Comité d'entreprise

Submitted by jef costello on April 22, 2007

A comité d'entreprise (or employer's committee) is a legal requirement for all French companies, and company sites with more than fifty staff. The committee is composed of the head of the company, or a representative, and two other management nominees. The rest of the committee is made up of elected staff representatives and nominees from the representative union at the site.

The committee is givenbetween 0.5 and 5% (average 2%) of the company's salary costs. Generally the committee is in charge of organising social events for the workers, such as company picnics or christmas parties. They are also involved in negotiating benefits such as subsidised canteens, employee discounts and discounts with neighbouring businesses. They may also provide services to workers such as vending machines.

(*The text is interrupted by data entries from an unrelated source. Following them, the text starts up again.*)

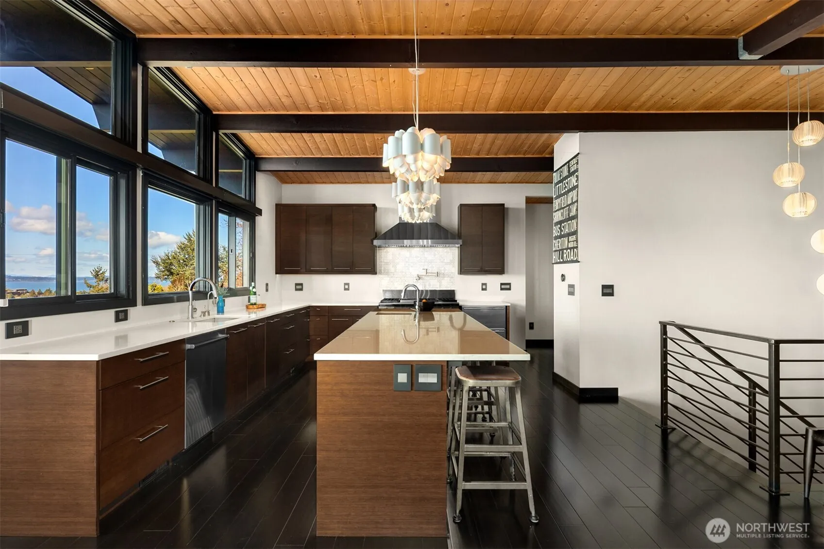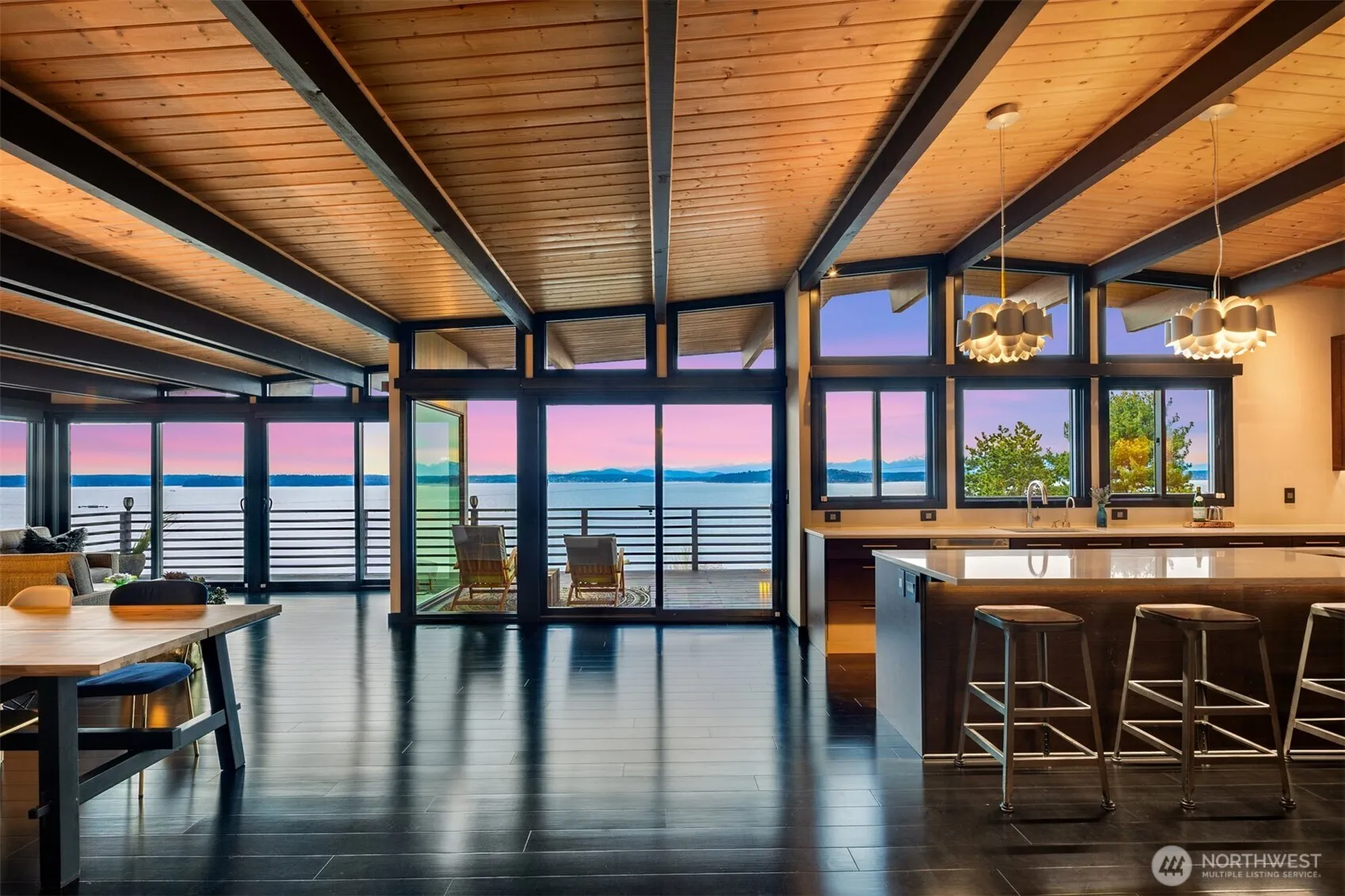 VIEWS! The view is the reason you’re here. Perched above Alki on a rare street-to-street lot, this reimagined mid-century modern captures sweeping 180-degree panoramas of the Olympic Mountains rising beyond Puget Sound. Floor-to-ceiling windows keep the horizon in constant focus, sunlight shifting across the water by day, ferries gliding through the Sound at dusk, sunsets that stop conversation. Thoughtfully rebuilt to preserve its architectural integrity while elevating comfort and performance, clean lines, natural materials, and open sightlines ensure the architecture never competes with the landscape—it frames it. The main living spaces flow effortlessly, designed for gatherings large or small. A chef’s kitchen anchors the home with state-of-the-art appliances. Downstairs, full-height glass opens to an expansive patio and mature landscaped grounds. Private, quiet, and sheltered. Spa-inspired baths, including a steam shower, offer a restorative retreat. Radiant heated floors, a new roof, and seismic upgrades provide lasting confidence behind the walls. Private. Architectural. Unforgettable. Views like this rarely come available.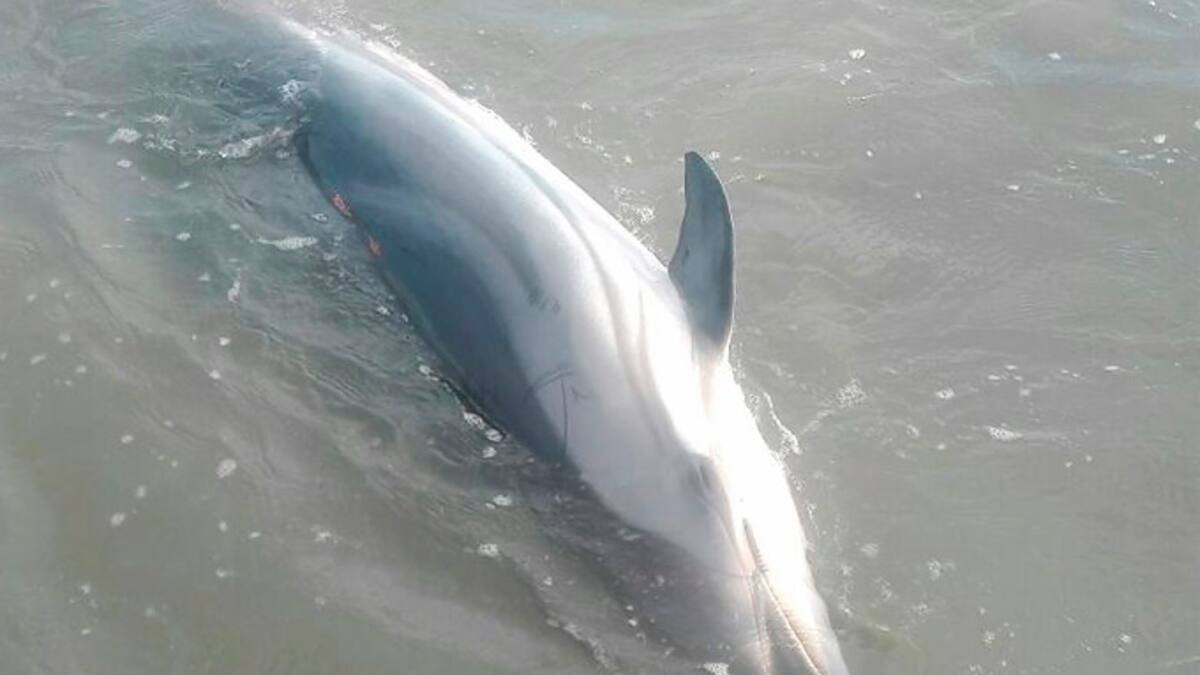 De igual forma, señaló que, al parecer, el delfín está herido en su lomo y tiene varios rasguños. 'Lleva dos horas dando vueltas y vueltas en círculo pero no ha podido entrar mar adentro', señaló Javier Cifuentes.
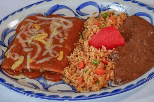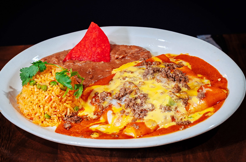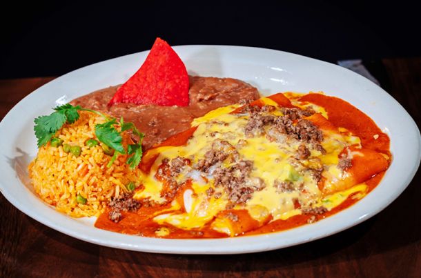 (3) Ground beef, ranchero chicken, or cheese enchiladas topped with chile con carne and chile con queso sauce.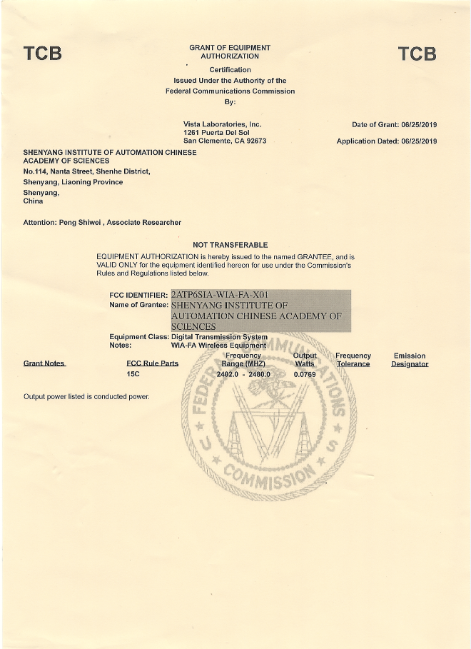 近日,由中国科学院沈阳自动化研究所开发的面向工厂自动化应用的高实时、高可靠无线通信网络产品WIA-FA,顺利通过美国FCC(Federal Communications Commission,美国联邦通信委员会)认证并获得证书。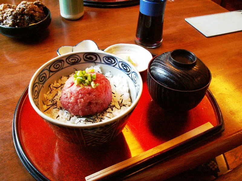 の予定が、おいらは昨晩のメシに鮪丼を食べていたので、まぐろの揚げ物のどんぶりものを注文!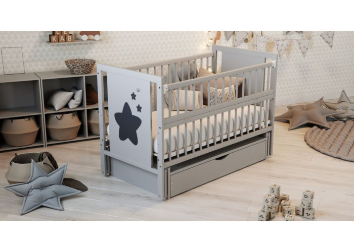 Для самого сладкого сна Вашего малыша предлагаем кроватку Звёздочка. Она выполнена из натурального дерева бук, окрашена безопасной сертифицированной краской на водной основе. С помощью маятника можно укачивать малыша, а откидная боковина добавит удобства в использовании кроватки. Ламели дна кроватки - ортопедические, выполнены из плоских ламелей. Также кроватка укомплектована ящиком закрытого типа, куда можно сложить самые необходимые вещи крохи. Кроватка имеет сертификат качества и выводы санитарно-эпидемиологической экспертизы о безопасности использования для малыша и родителей. Все продумано до мелочей - для комфорта и здоровья Вашего малыша.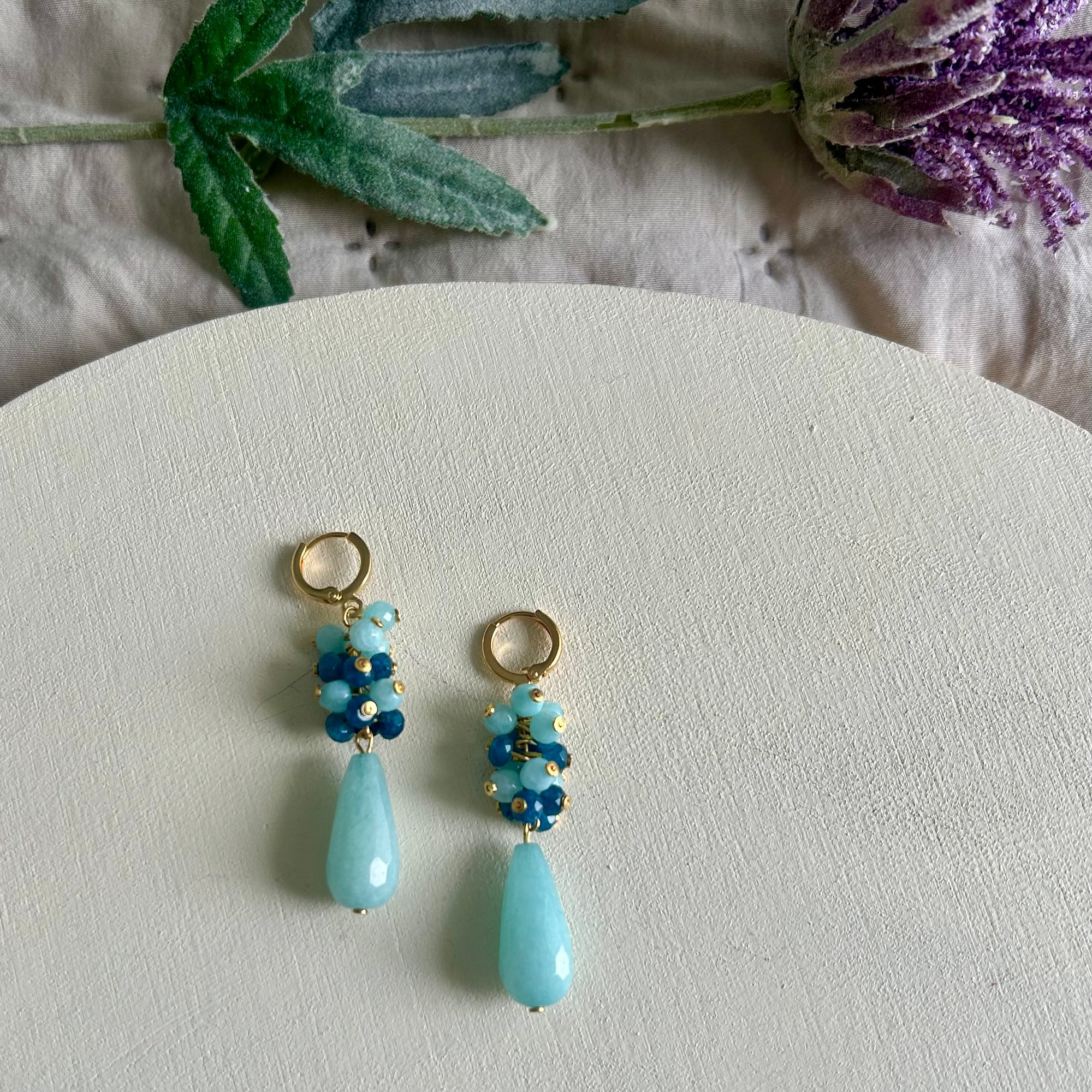 Pendiente aro dorado bañado con ágathas naturales tonos azules/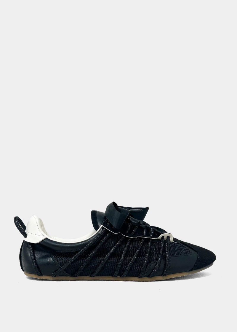 The ballet trend gets a sporty remix with SHERYL in Black. This low-profile sneaker fuses sleek mesh and faux leather with ribbon-style laces for a feminine edge. The contrast heel tab and soft neutral lining add that subtle twist, making this pair just as perfect for jeans as it is for flowy skirts.
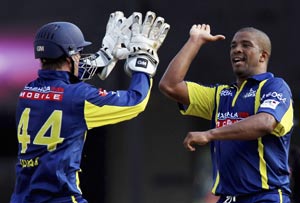 # Albie Morkel and Bravo were involved in a seventh wicket partnership of 26 (unbroken) - Chennai's best in the Champions League Twenty20.
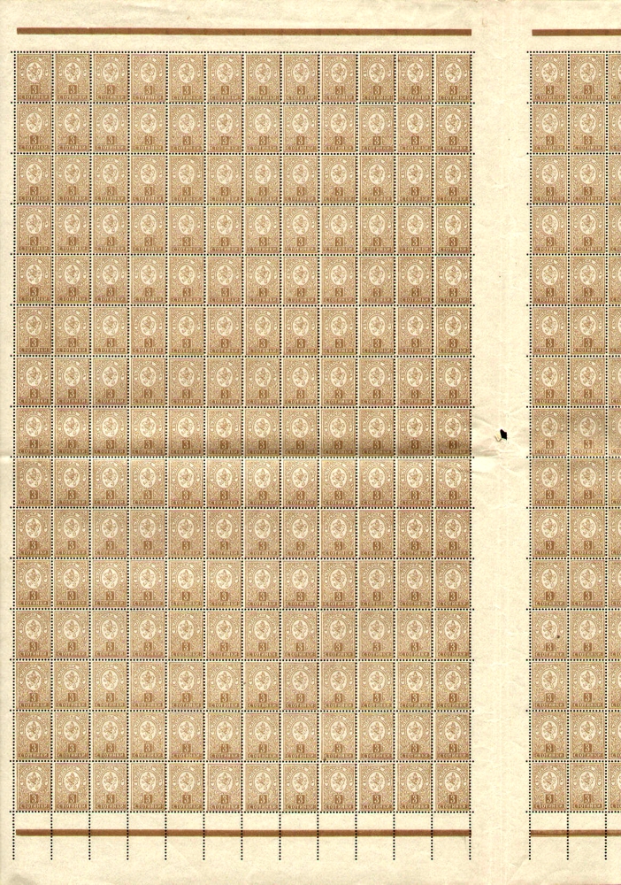 Wert / Farbe: 3 Stotinki, braun.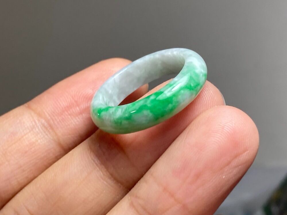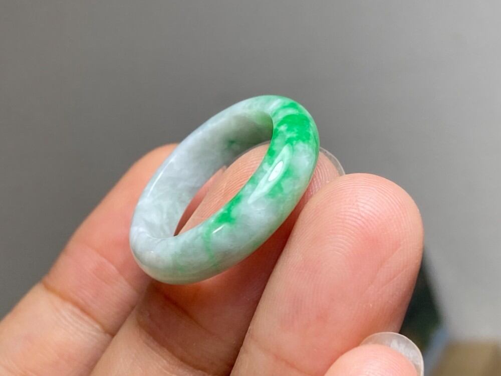 L6-140 美品 白底陽緑 16.5号 ミャンマー産天然 A貨 本翡翠 くりぬき リング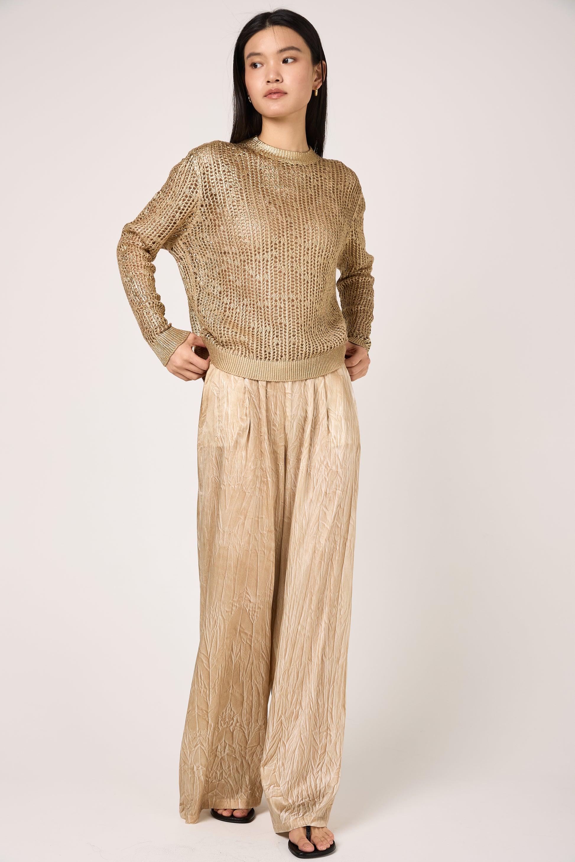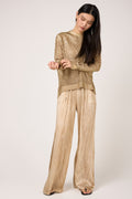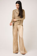 Crumpled Effect Silk Palazzo Trouser Pant in Sughero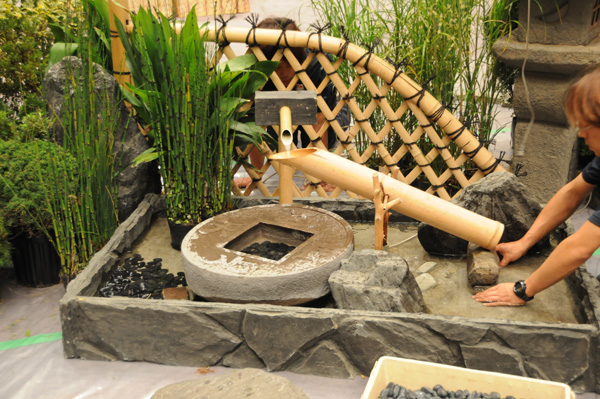 鹿おどしセットの音が重要です。何回もテストをし、鹿おどしの竹で石が動かないことを確認します。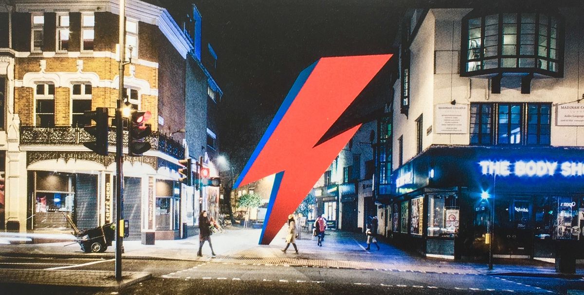 London seems set to get a new landmark with the announcement yesterday (21 February) of plans to raise a permanent memorial to David Bowie in his Brixton birthplace. It will take the form of a 9m-high steel rendition of the famous blue and red makeup flash from the cover of Bowie’s 1973 Aladdin Sane album.
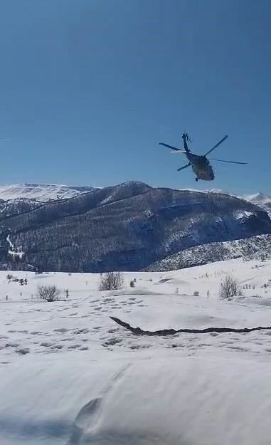 Tunceli’nin Hozat ilçesinde çetin kış şartları nedeni ile hayvanlarına yem getiremeyen çiftçinin yardımına askeri helikopter yetişti. Dağlık araziye inen helikopter, çiftçiye hayvanları için yem bıraktı.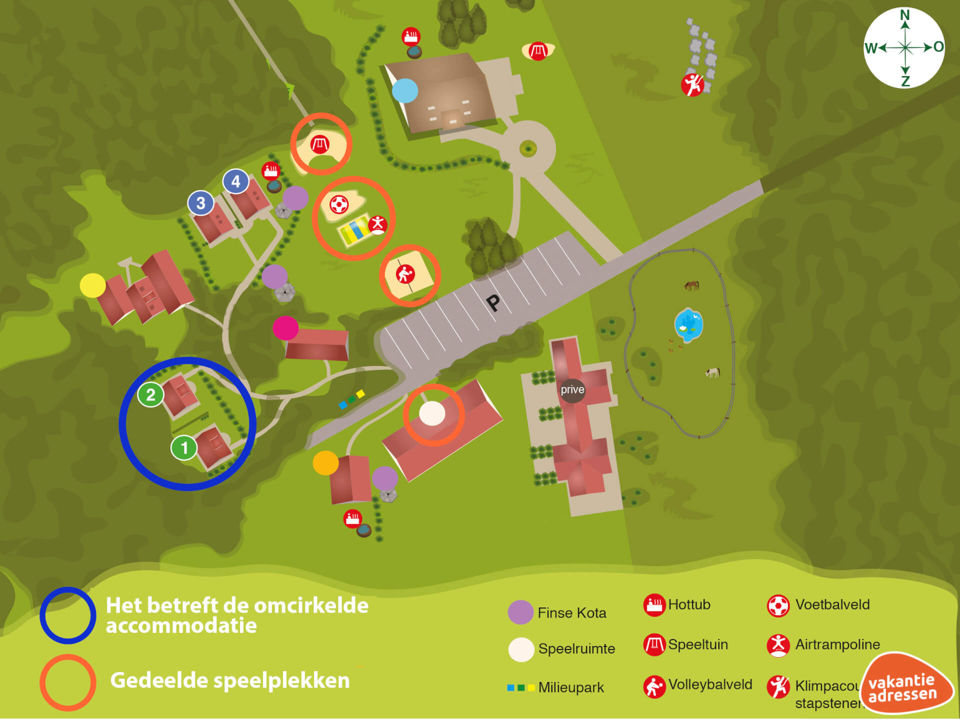 Bij de accommodatie bevindt zich een grote speel- en dierenweide met pony’s, eenden en kippen. Op de speelweide zijn onder andere schommels, een trampoline, duikelstangen, een tafeltennistafel en wipwap te vinden. De overdekte speelruimte is voorzien van een tafeltennistafel, dartspel en airhockey. Deze faciliteiten worden gedeeld met de andere aanwezige gasten. De omgeving biedt een grote variëteit aan wandel- en fietsroutes.
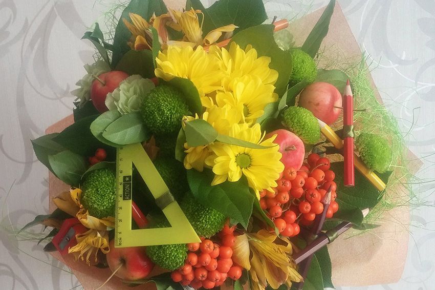 Учила делать оригинальные цветочные композиции Анастасия Сергеевна Ландырева — флорист с 13-летним опытом работы, сообщает сайт митрополии. Ярким акцентом в букетах из подсолнуха, альстромерии, кустовой хризантемы, солидаго, яблок и зелени стала авторская пряничная табличка «С днём знаний» от мастерской «Пряничный домик».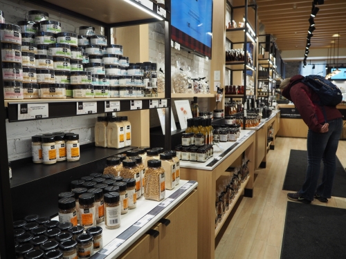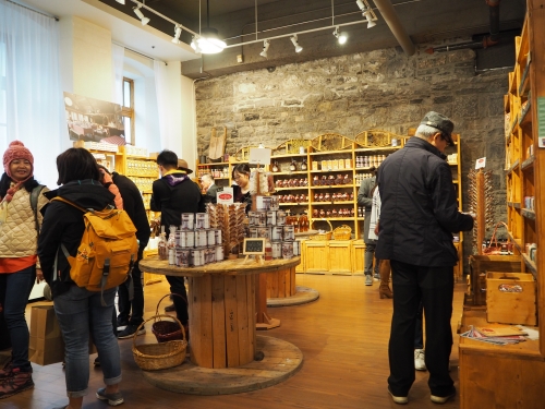ボンスクール・マーケットというモールにある「Haut Bois Normand(写真右)」は、メープルポップコーンや石鹸など商品のバリエーションが豊富なので、お土産探しに困りません。
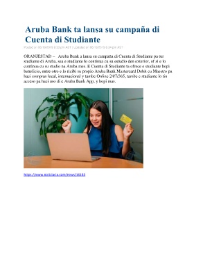 ORANJESTAD – Aruba Bank a lansa su campaña di Cuenta di Studiante pa tur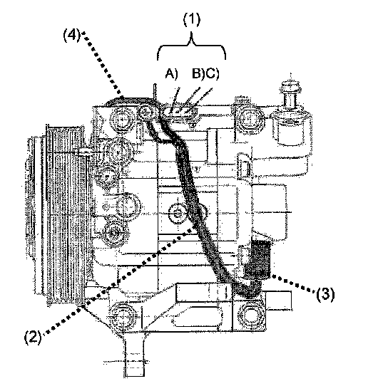 4) Remove the air conditioner compressor from the vehicle after installing the compressor plugs provided in the kit and applying electrical tape over the ends of the high and low side hoses. This will prevent dirt, dust, moisture, and other foreign material from contaminating the system.

The company is also legally obliged to inform the committee of any planned changes to working patterns, conditions and shifts and also of any redundancies. The role of the committee is often limited when it comes to industrial action, especially when several unions are present at the site as usually only the representative union (usually the one with a majority of workers) will have seats on it.

Comments

heartskat

16 years 12 months ago

In reply to by libcom.org

Submitted by heartskat on April 25, 2007

The Comité d'entreprise is an obligation for companies with 50 and more staff. Not for the others. representatives and nominees don't have to be in a representative union. They even don't need to be in a union.

There is also this things that fucks us up and it is called "délégation unique" which means that the shopstewards are also the staff rep in the Comité. This is not laways the case, often the shopstewards and the staff rep are not the same persons.

I used to be shopsteward ( for the CNT "Vignoles", we are reformist you see) when the company I worked for had less than 50 workers. When I was shopsteward the workers number rose ( not because I was shopsteward) so the bosses had to call for an election for a comité d'entreprise. This was perfect because we were in the middle of this debate within the Confédération. I was not too keen on the whole Comité d'Entreprise ( you do organise more picnics that do syndicalist work and that's the whole purpose of the Comité). We have three work sites ( same city) for the same company. The bosses before the elctions told me that even if I won ( like last time, well ahead of the CGT) I will not be able to stay shopsteward because a) it will be a "délégation unique" which means I could not stay shopsteward without becoming part of this atrocious " cogestion" structure and b) because even if I was ok with that, there was no way we could elect a rep or shopsteward from my worksite!!
I did not even bother. A year letter I slammed the door after going into a fight with my manager...

The story is here to show that today, in france, the comité d'entreprise will be the only place where the future of the workers will be discussed. I understand people who are tempted to join it ( you are not paid though). The CNT in france has decided not to join a structure like that. We are the only union to refuse participating to Comité d'Entreprise.